Leases in which a significant portion of the risks and rewards of ownership were not transferred to the company as lessee were classified as operating leases. Payments made under operating leases (net of any incentives received from the lessor) were charged to profit or loss on a straight- line basis over the period of the lease.
Intangible Assets and Goodwill Goodwill is stated at cost less any accumulated impairment losses. Goodwill is allocated to cash-generating units and is not amortised but is tested annually for impairment. Intangible assets are capitalised separately from goodwill as part of a business combination, only if the fair value can be measured reliably on initial recognition and if the future economic benefits are expected to flow to the Group. All intangible assets recognised are considered to have finite lives and are amortised on a straight-line basis over their estimated useful economic lives that range from 15 to 20 years. Goodwill arises when the fair value of the consideration for the business exceeds the fair value of the net assets acquired. Where the excess is negative (negative goodwill), the amount is taken to retained earnings. Goodwill is capitalised and subject to impairment reviews both annually and where there are indications that the carrying value may not be recoverable.

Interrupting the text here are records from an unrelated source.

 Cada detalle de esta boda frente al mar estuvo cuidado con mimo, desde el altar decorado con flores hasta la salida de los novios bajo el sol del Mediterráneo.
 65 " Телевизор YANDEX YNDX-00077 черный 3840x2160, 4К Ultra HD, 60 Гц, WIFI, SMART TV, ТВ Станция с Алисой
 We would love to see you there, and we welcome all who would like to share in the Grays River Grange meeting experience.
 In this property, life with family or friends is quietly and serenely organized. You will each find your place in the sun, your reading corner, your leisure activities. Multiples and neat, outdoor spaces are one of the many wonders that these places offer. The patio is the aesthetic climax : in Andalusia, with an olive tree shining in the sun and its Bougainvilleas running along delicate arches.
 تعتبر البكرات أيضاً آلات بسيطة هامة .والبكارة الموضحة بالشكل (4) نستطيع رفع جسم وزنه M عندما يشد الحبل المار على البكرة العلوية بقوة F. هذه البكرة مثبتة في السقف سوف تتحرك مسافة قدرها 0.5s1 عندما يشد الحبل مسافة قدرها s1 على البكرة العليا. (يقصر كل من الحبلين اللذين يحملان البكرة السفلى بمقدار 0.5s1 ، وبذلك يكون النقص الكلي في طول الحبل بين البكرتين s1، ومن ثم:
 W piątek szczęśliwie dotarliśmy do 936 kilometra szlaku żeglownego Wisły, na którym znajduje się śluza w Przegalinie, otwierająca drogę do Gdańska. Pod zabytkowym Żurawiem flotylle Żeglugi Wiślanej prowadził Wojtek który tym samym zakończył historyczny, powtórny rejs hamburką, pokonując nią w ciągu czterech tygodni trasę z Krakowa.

Impairment The carrying amounts of the Group’s intangible assets and goodwill are reviewed at each period end date to determine whether there is an indication of impairment. Intangible assets and goodwill are considered to be impaired if objective evidence indicates that one or more events have had a negative effect on the estimated future cash flows of that asset. If any such indication exists, the asset’s recoverable amount is estimated.

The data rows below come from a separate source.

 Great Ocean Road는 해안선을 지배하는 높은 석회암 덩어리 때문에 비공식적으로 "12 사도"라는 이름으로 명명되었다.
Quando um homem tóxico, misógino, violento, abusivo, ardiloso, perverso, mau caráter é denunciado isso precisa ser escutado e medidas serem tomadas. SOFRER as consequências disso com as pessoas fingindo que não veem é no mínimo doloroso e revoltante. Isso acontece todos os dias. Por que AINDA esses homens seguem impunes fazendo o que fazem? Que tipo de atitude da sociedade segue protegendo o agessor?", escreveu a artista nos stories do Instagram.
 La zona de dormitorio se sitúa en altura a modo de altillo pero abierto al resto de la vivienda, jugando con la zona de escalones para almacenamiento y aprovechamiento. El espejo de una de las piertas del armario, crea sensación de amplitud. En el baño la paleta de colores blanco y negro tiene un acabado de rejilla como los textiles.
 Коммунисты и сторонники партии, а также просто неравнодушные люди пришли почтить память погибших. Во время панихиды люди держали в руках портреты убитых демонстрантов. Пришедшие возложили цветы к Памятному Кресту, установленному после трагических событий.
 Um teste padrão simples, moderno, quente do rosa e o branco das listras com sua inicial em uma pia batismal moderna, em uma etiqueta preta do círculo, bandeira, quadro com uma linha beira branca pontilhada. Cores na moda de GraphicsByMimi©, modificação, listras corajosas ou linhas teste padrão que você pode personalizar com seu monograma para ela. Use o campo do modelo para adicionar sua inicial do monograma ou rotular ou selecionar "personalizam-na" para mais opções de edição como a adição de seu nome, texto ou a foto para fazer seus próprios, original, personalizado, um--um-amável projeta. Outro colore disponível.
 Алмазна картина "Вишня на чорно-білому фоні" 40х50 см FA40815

For goodwill and intangible assets that have an indefinite useful life, the recoverable amount is estimated at each period end date.
An impairment loss would be recognised whenever the carrying amount of an intangible asset, goodwill or its cash generating unit exceeds its recoverable amount. Impairment losses are recognised in the Consolidated Statement of Comprehensive Income.

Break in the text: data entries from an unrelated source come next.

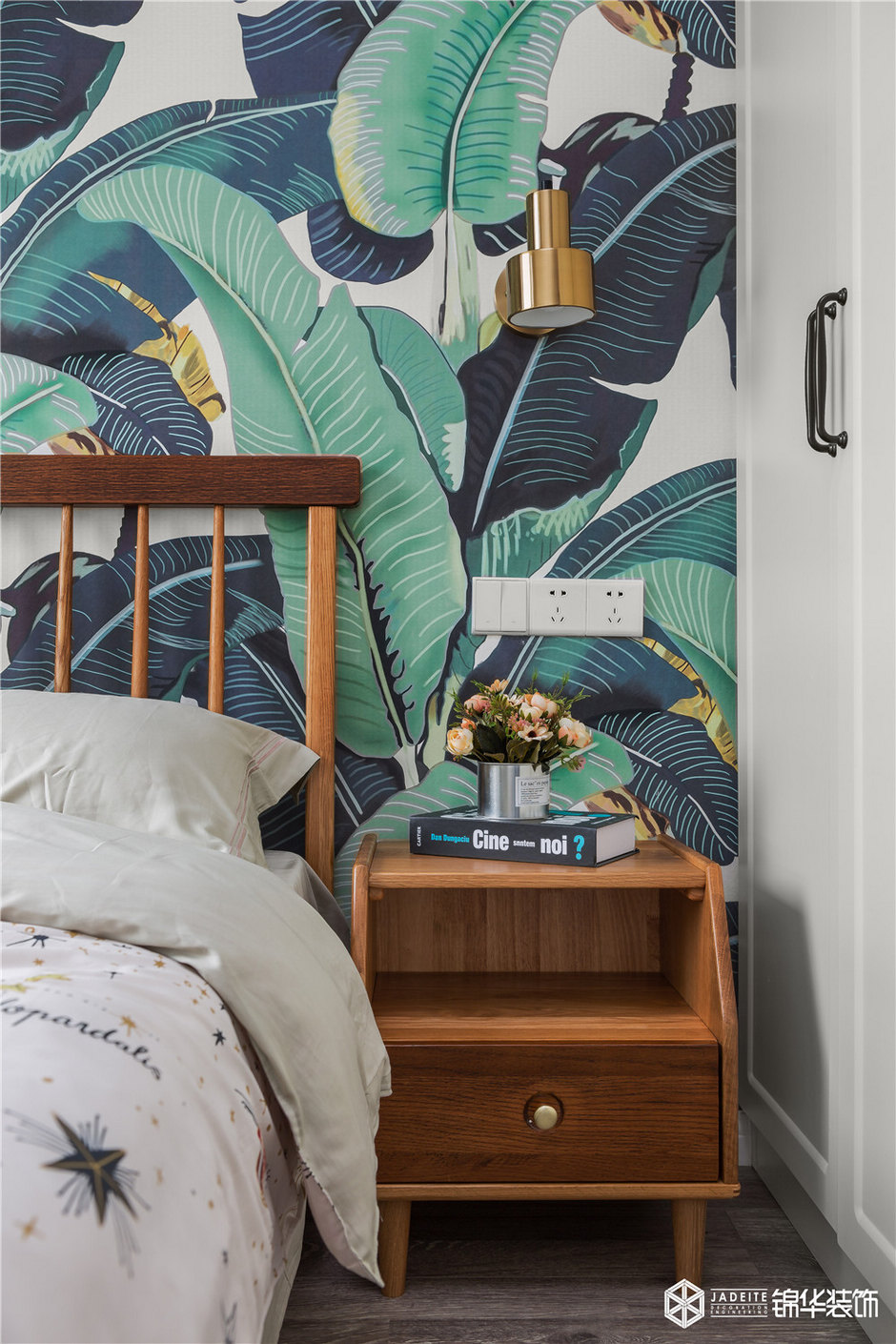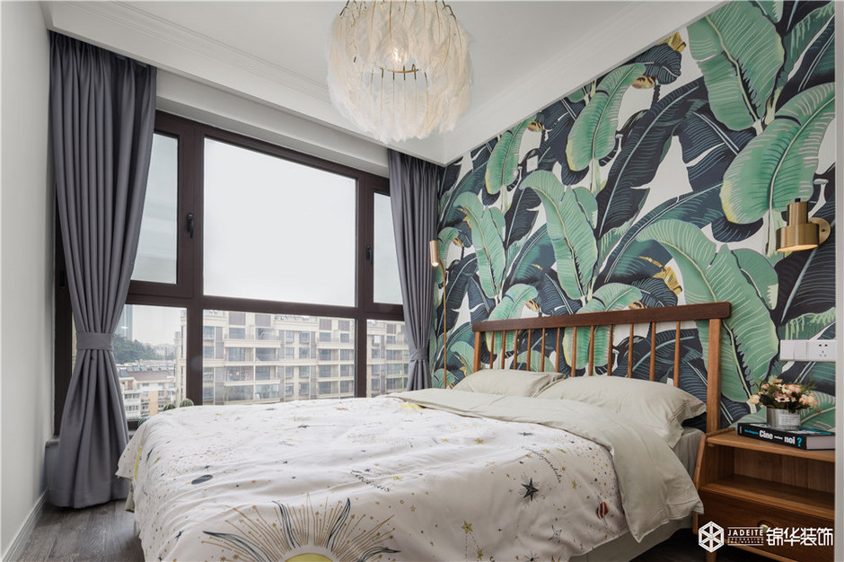 ▲綠色調(diào)的背景墻讓素雅的空間充滿活力,夢中好似也彌漫著自然味道!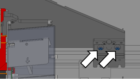 Inside the Panther, tighten the M4 screw at the front hanging location. Make sure the M4 screw is in the mounting keyhole and capturing the Shuttle.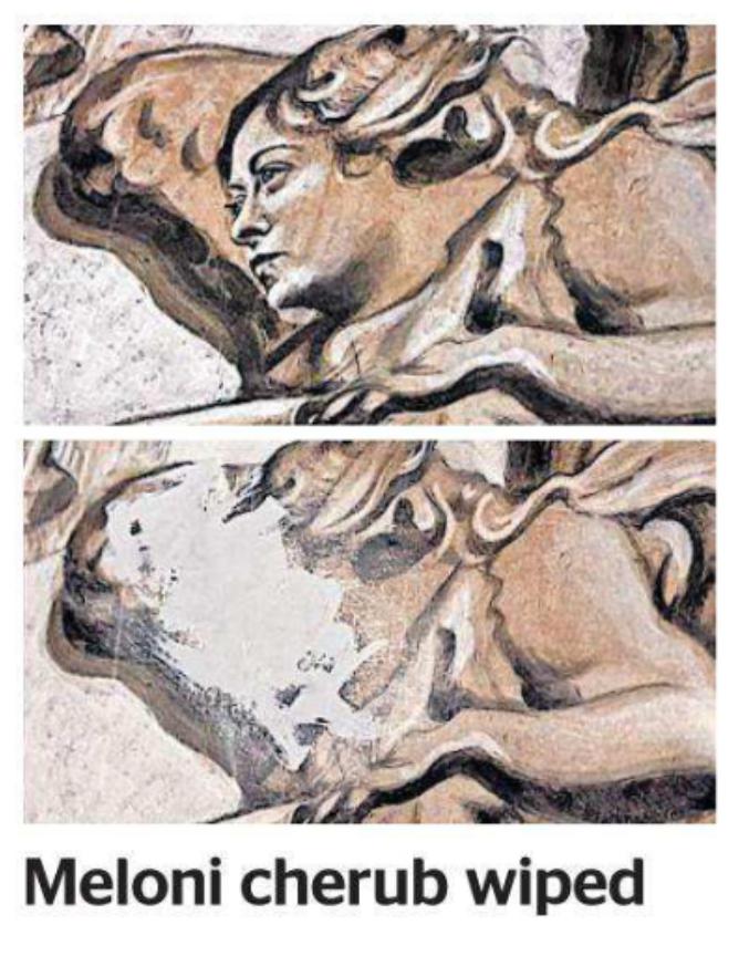 Да что ж такое! Не успели итальянцы насладиться ликом святой Мелони на стене в римской церкви, как ее изображение замазали краской!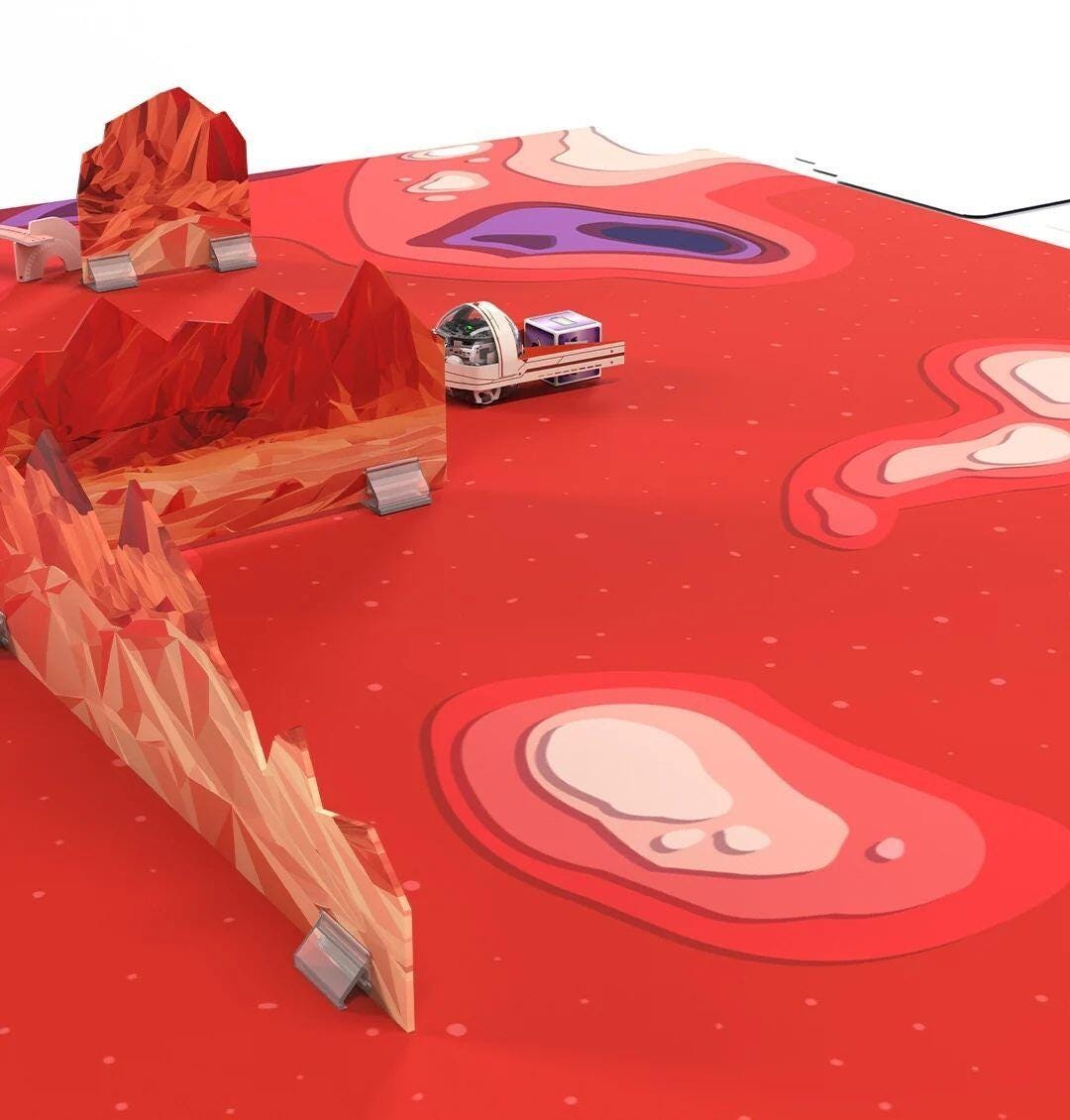 Embark on an interplanetary adventure with the Mission to Mars Challenge Mat! Over 232 million miles away from Earth, Evo lands on the Red Planet, surrounded by rocky canyons, towering volcanoes, and endless stretches of barren terrain. Students take on the role of mission commanders, coding Evo to navigate this alien landscape and locate vital supply crates and fuel barrels critical to establishing a successful Mars base. Each step requires strategic planning and problem-solving to ensure the mission's success. This STEM activity brings coding to life by combining robotics with an exciting space exploration theme. As Evo tackles challenges on Mars, students develop essential skills such as critical thinking, spatial awareness, and programming logic. This kit includes everything needed for this out-of-this-world adventure: A 24 x 33-inch coding mat that fits most classroom desks, challenge cards with step-by-step mission objectives, and accessories for Evo. The durable and reusable design ensures the mat can support multiple missions, making it a perfect addition to any STEM or space-themed curriculum.Features

Calculation of Recoverable Amount The recoverable amount is the greater of the asset’s fair value less costs to sell and its value in use. In assessing an assets’ value in use, the estimated future cash flows are discounted to their present value using a pre-tax discount rate that reflects current market assessments of the time value of money and the risks specific to the asset.
Inventories Inventories are measured at the lower of cost and net realisable value. Cost is determined on the first-in first-out basis, and includes all direct costs incurred and attributable production overheads. Net realisable value is based upon estimated selling price, allowing for all further costs of completion and disposal. Specific provisions are made against old and obsolete stock taking the value to zero or an estimated reduced value based on the most likely route for disposal of each particular item of stock.
Employee Benefits
Defined Benefit Plans Memory Lane Cakes Ltd operates a defined benefit pension scheme and the pension costs are charged to the Consolidated Statement of Comprehensive Income in accordance with IAS 19 (revised), with current and past service cost being recognised as an administrative expense, interest on assets and liabilities is shown as finance income or a finance cost in the Consolidated Statement of Comprehensive Income. The remeasurements are recognised in full in Other Comprehensive Income.
Defined Contribution Plans The costs of contributing to defined contribution and personal pension schemes are charged to the Consolidated Statement of Comprehensive Income as an administrative expense in the period to which they relate.